(Records excerpted from a collection)

- - - - - - -

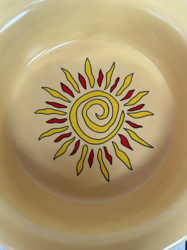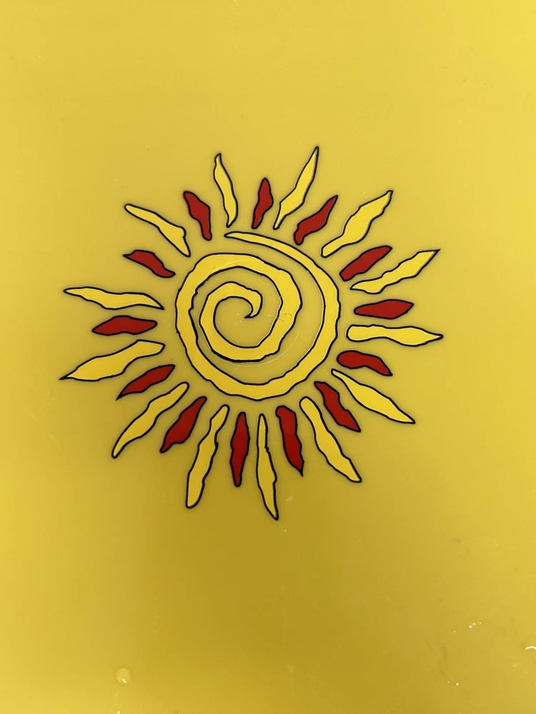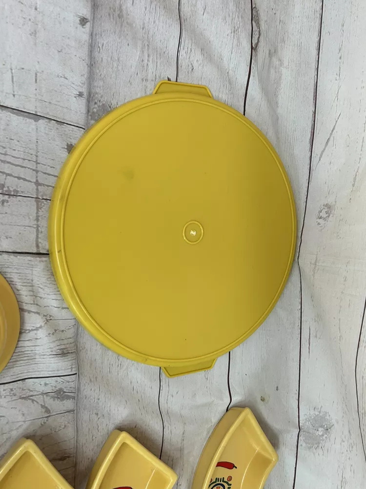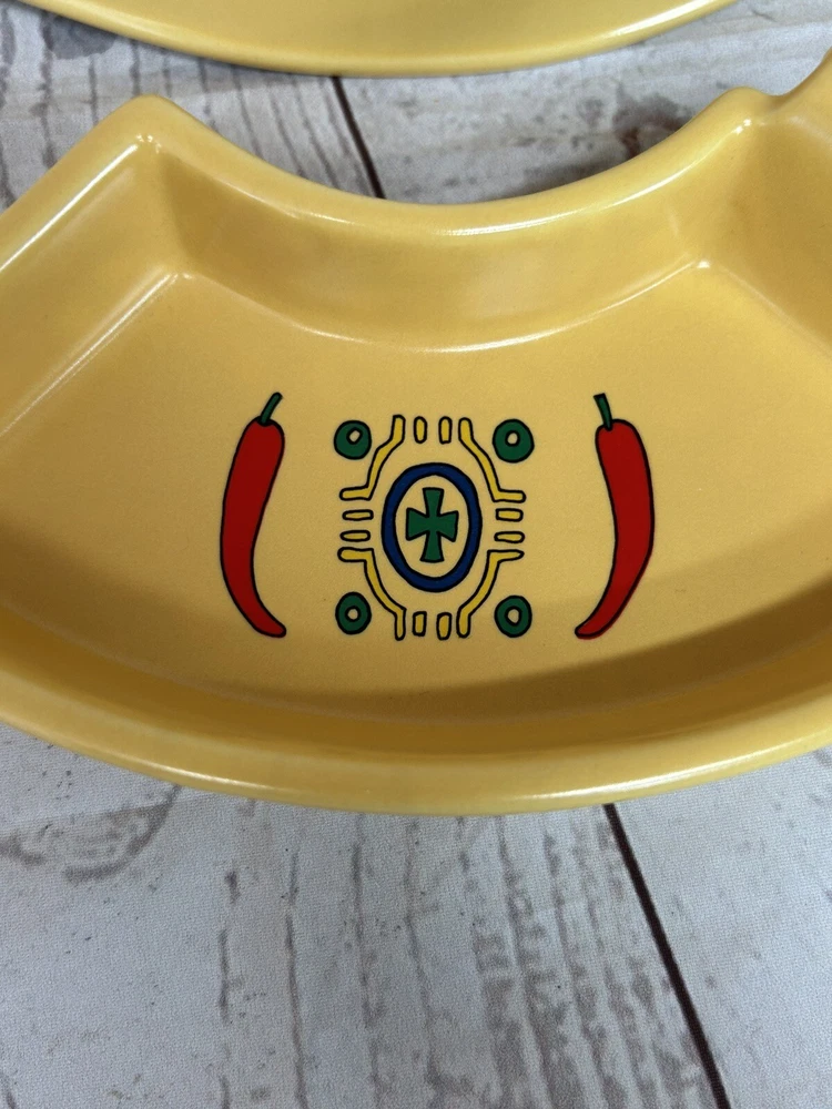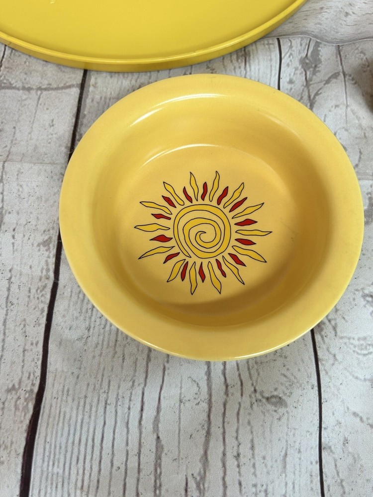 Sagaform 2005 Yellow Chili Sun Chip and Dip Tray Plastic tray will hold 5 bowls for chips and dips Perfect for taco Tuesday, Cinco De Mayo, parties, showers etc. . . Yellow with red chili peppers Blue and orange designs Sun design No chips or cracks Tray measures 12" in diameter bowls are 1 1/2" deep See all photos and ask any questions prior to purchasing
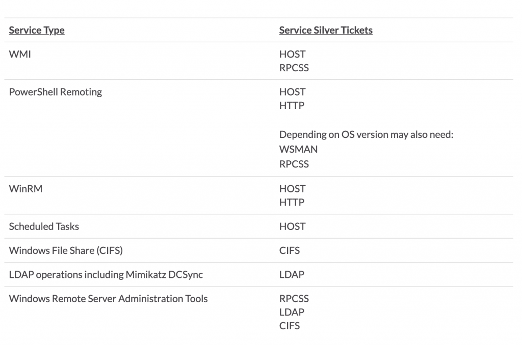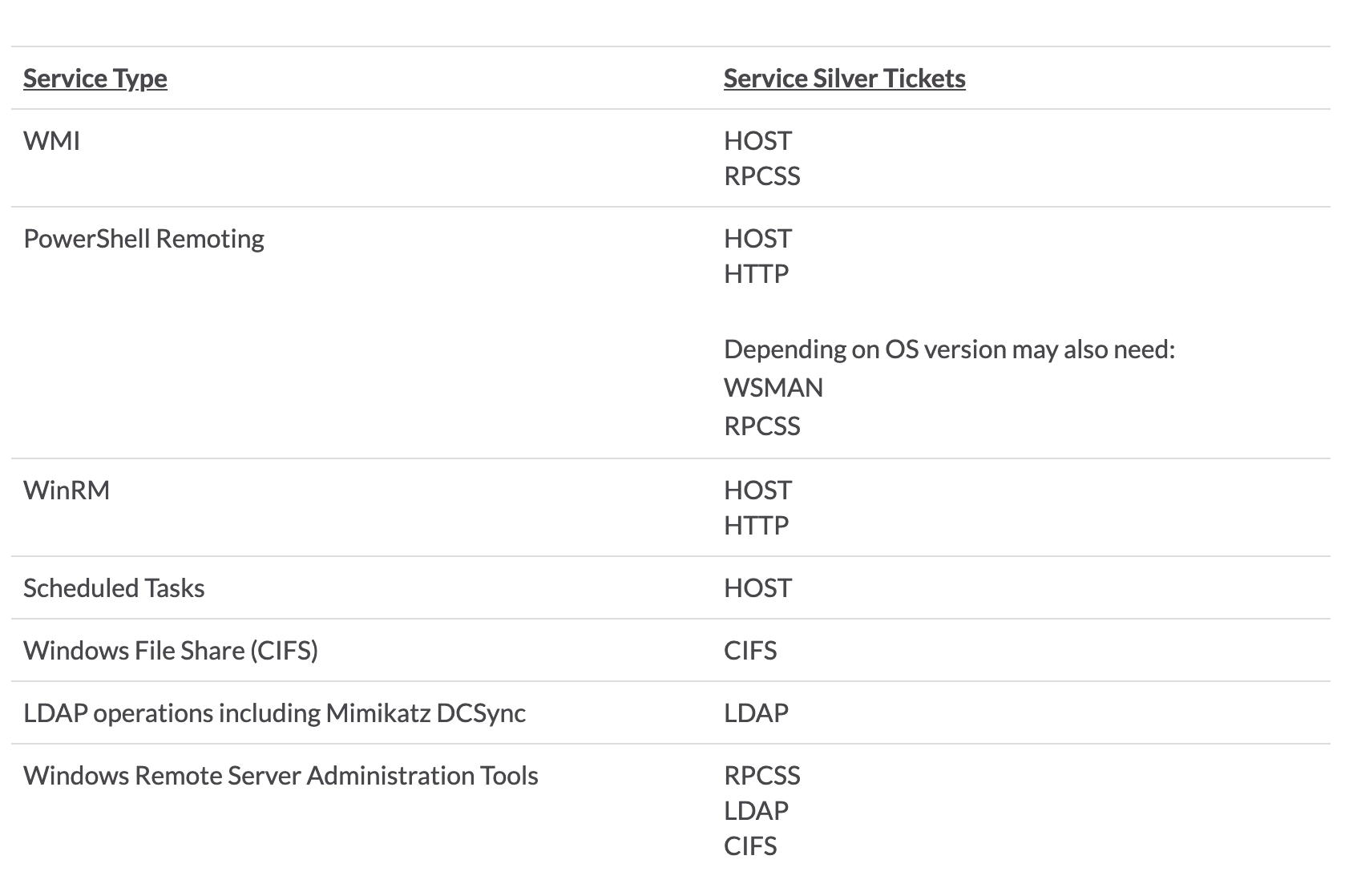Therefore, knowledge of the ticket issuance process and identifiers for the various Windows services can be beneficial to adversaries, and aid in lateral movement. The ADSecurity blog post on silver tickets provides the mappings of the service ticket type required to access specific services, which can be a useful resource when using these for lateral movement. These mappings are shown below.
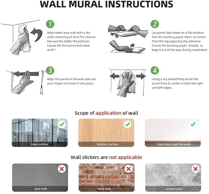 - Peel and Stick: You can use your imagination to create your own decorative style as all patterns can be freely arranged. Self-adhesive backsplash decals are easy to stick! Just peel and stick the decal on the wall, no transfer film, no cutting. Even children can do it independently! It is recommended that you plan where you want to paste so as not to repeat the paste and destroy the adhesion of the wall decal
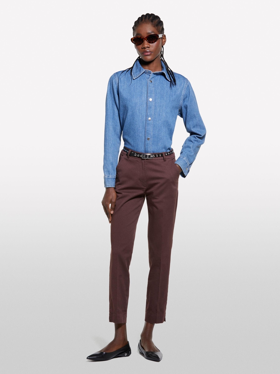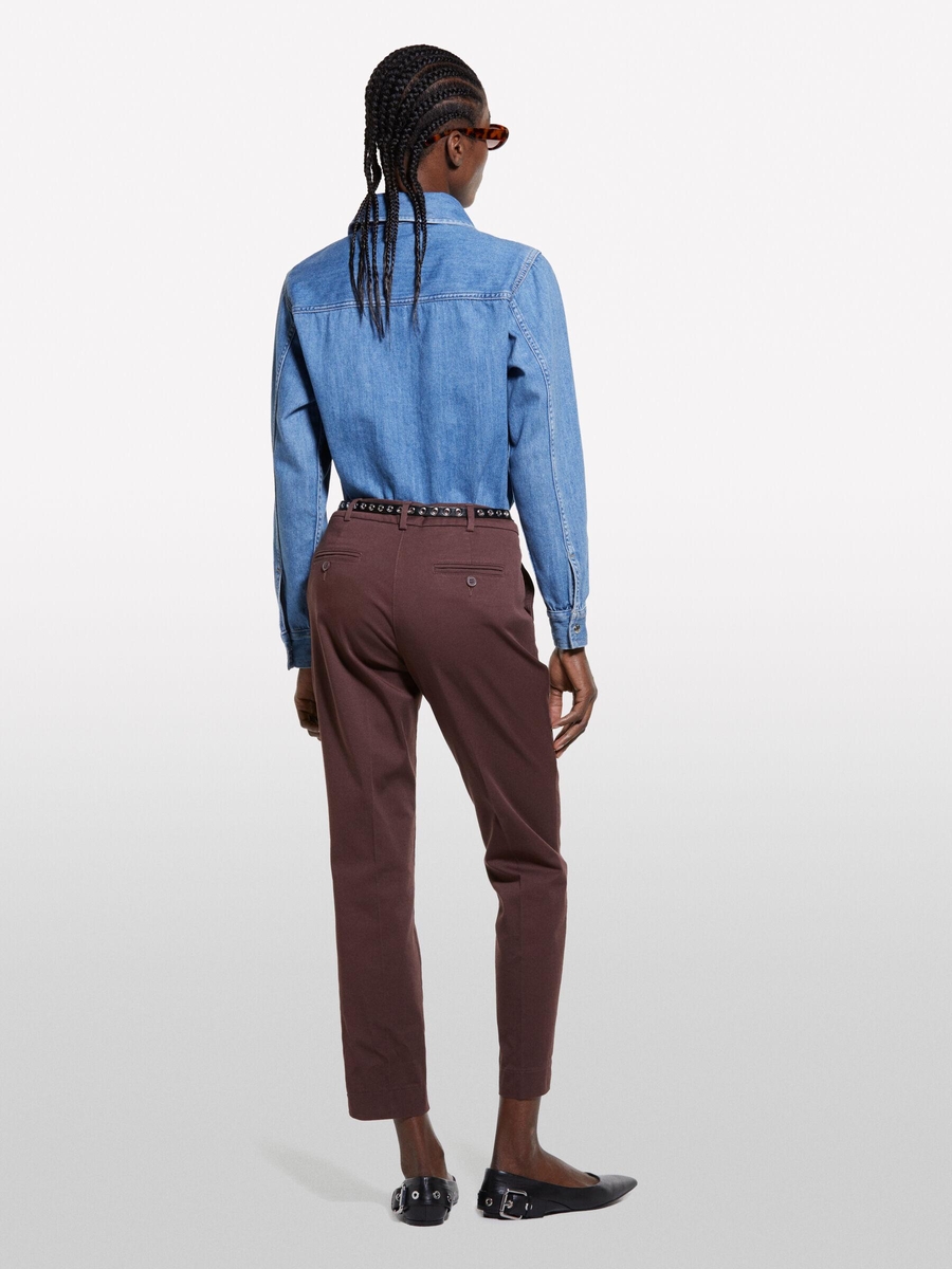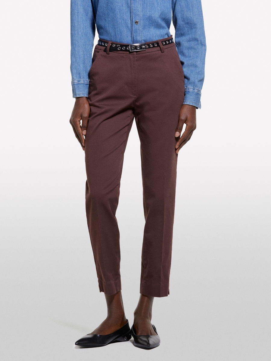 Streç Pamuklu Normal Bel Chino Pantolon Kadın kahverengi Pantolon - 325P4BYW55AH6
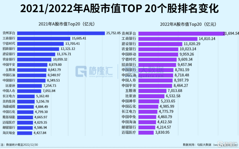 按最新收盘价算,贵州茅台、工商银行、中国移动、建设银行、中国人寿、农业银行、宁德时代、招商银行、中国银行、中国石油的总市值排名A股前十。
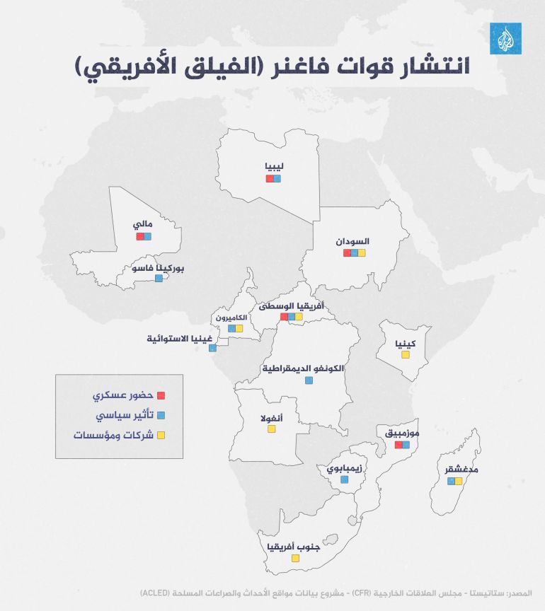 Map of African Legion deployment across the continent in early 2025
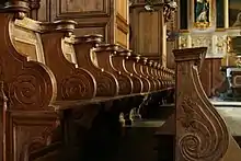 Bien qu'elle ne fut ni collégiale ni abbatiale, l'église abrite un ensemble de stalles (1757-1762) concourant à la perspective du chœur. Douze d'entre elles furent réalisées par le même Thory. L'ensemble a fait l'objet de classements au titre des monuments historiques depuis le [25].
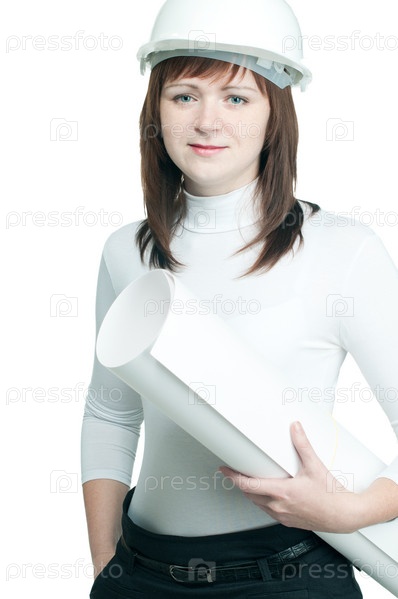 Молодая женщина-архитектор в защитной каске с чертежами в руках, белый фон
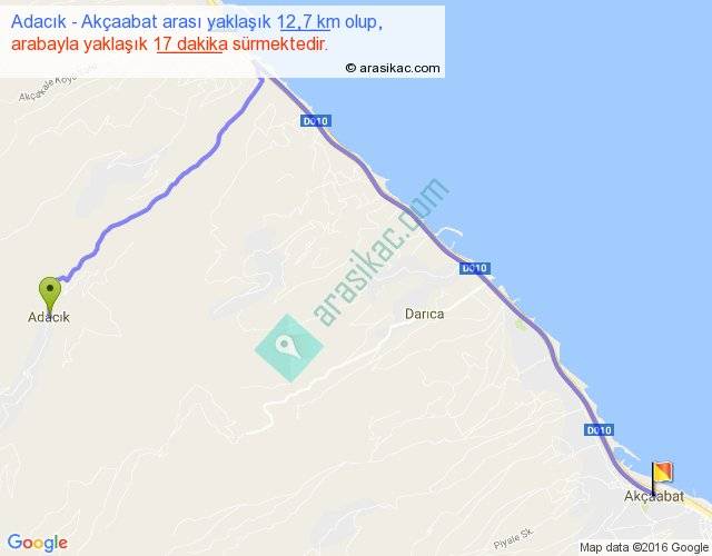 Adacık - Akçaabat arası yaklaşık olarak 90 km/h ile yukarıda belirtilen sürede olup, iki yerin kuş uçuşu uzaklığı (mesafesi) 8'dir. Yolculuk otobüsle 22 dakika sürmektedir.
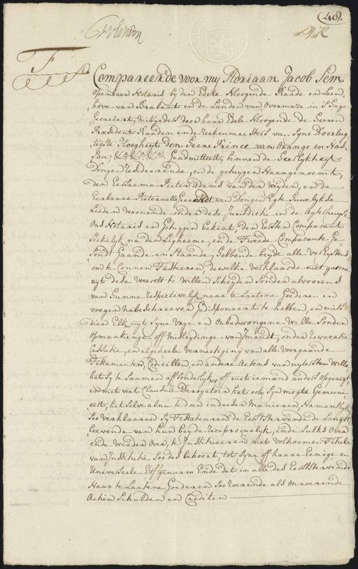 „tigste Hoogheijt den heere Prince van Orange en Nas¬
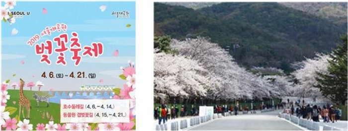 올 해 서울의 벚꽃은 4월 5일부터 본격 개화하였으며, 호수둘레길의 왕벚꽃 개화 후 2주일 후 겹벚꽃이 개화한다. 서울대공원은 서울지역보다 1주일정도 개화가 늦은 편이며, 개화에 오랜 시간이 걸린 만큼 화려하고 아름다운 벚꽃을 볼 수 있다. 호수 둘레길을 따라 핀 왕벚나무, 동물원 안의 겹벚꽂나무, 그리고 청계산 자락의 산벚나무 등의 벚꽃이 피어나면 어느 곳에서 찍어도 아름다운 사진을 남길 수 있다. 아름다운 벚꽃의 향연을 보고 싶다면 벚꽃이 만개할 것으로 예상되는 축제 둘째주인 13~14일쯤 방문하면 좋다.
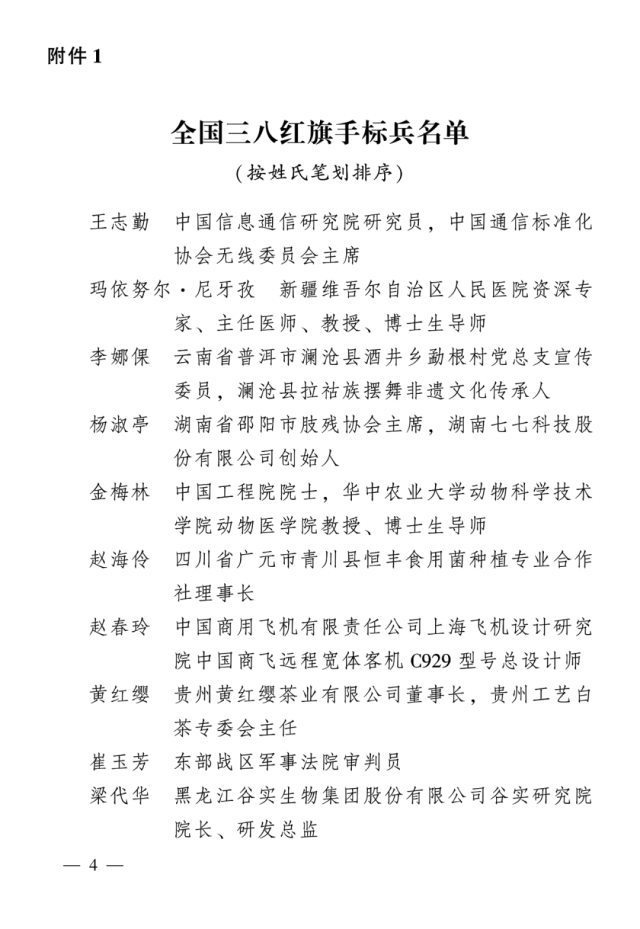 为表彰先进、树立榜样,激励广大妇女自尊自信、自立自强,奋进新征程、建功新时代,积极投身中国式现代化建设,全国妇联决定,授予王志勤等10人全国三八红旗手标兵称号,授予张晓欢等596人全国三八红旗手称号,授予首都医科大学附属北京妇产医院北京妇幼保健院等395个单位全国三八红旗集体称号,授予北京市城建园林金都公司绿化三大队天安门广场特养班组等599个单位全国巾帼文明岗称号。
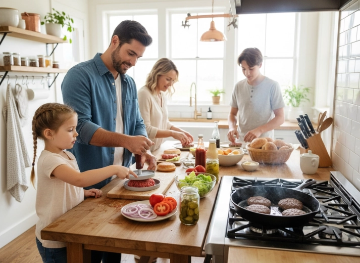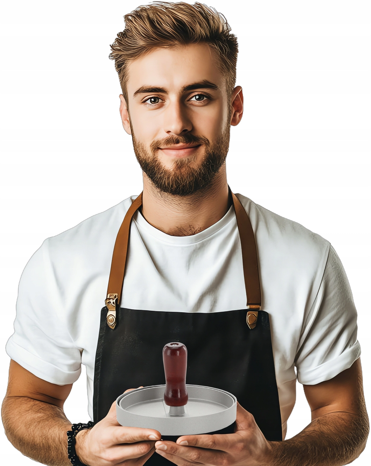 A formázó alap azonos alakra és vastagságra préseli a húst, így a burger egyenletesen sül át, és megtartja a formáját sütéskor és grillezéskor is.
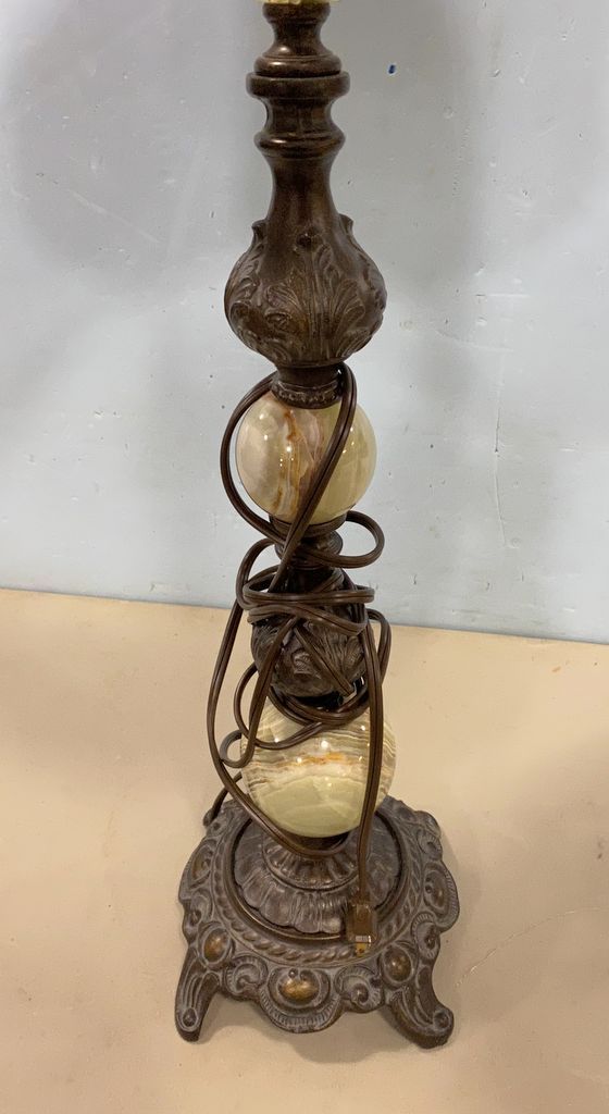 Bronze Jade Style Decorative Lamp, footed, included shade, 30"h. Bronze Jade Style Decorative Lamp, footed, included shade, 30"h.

- - - - - - -

Using the records above, return verbatim only the part that opens with the line containing "Streç Pamuklu Normal" and closes with the line containing "Orange en Nas¬"; pictures stay out.

▶ _Worked solution_:
 Streç Pamuklu Normal Bel Chino Pantolon Kadın kahverengi Pantolon - 325P4BYW55AH6
 按最新收盘价算,贵州茅台、工商银行、中国移动、建设银行、中国人寿、农业银行、宁德时代、招商银行、中国银行、中国石油的总市值排名A股前十。
 Map of African Legion deployment across the continent in early 2025
 Bien qu'elle ne fut ni collégiale ni abbatiale, l'église abrite un ensemble de stalles (1757-1762) concourant à la perspective du chœur. Douze d'entre elles furent réalisées par le même Thory. L'ensemble a fait l'objet de classements au titre des monuments historiques depuis le [25].
 Молодая женщина-архитектор в защитной каске с чертежами в руках, белый фон
 Adacık - Akçaabat arası yaklaşık olarak 90 km/h ile yukarıda belirtilen sürede olup, iki yerin kuş uçuşu uzaklığı (mesafesi) 8'dir. Yolculuk otobüsle 22 dakika sürmektedir.
 „tigste Hoogheijt den heere Prince van Orange en Nas¬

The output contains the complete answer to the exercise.